Clustering for high availability
As a side effect of clustered or distributed caches, applications are now able to cluster their state for high availability. Any application state that is stored in a cache is available cluster-wide. Hardware or software failure would not be a problem to clients if the application tier is fronted by a load balancer, which could redirect the request to the next available application server, which in turn would look up conversational state in the cache system. When using a clustered cache, the state would be available on every instance. When using a distributed one, enough redundancy would exist in the cache system to ensure no data is lost. Applications and frameworks wishing to add high-availability characteristics typically employ clustered or distributed caches to achieve this.
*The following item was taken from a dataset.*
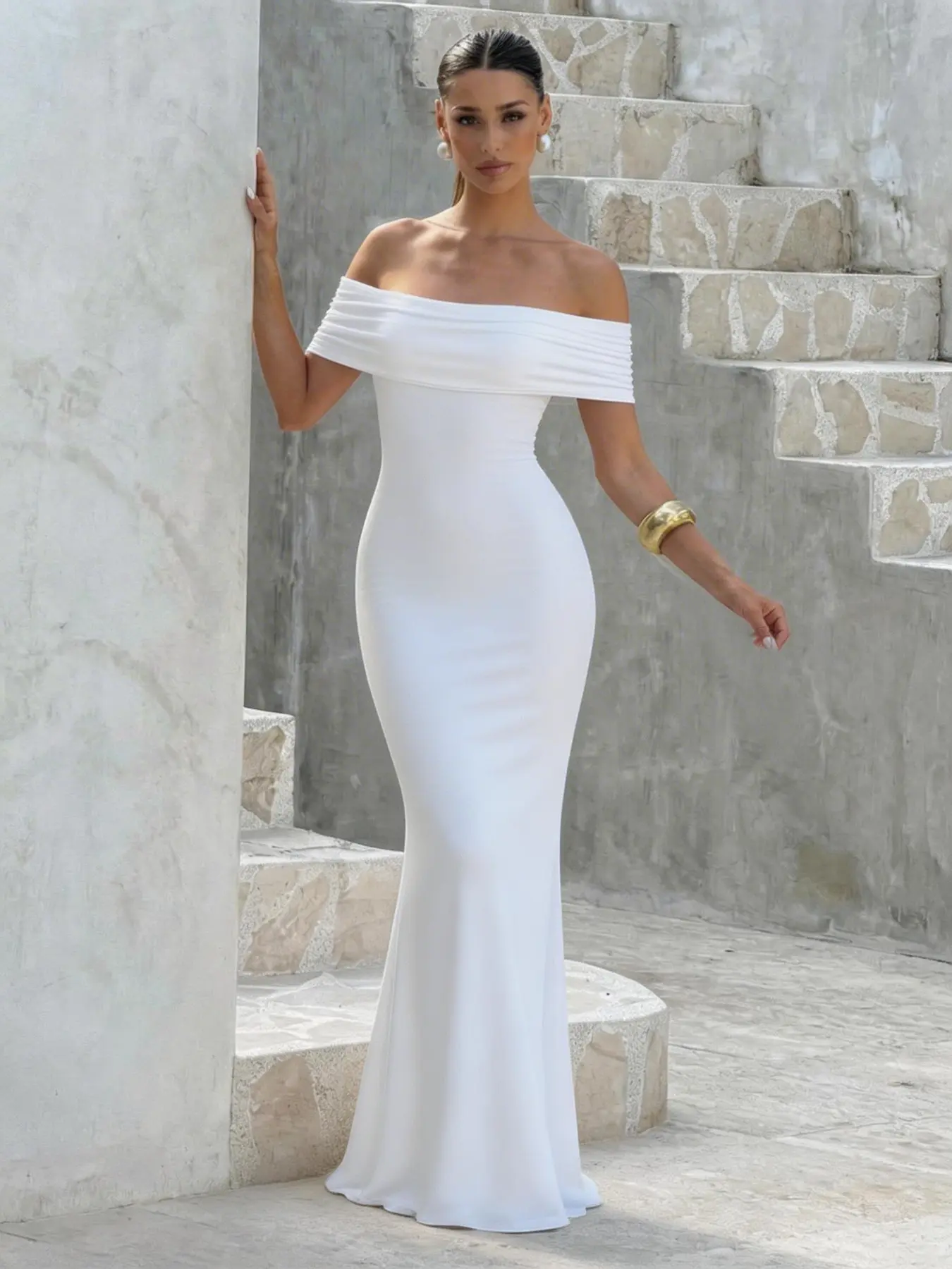 2026 Summer New Women's Elegant One-Shoulder Backless Long Slim Fit Dress, Casual Plain Pattern, Fashionable Ladies' Clothing

To conclude, caches are an important tool in harnessing parallelism and removing data retrieval or calculation bottlenecks. Considering the architecture of your application and the volume and access patterns of your data, a local, clustered or distributed cache would be appropriate. Most mature caching frameworks or products would offer a choice of operational modes to suit your use case. As with most things though, caches aren’t silver bullets and should not be used indiscriminately. As quoted by Java performance tuning expert Kirk Pepperdine, “Measure, don’t guess.” . Make good use of a profiler, and introduce caches only where necessary, where data retrieval or calculation bottlenecks are hampering scalability.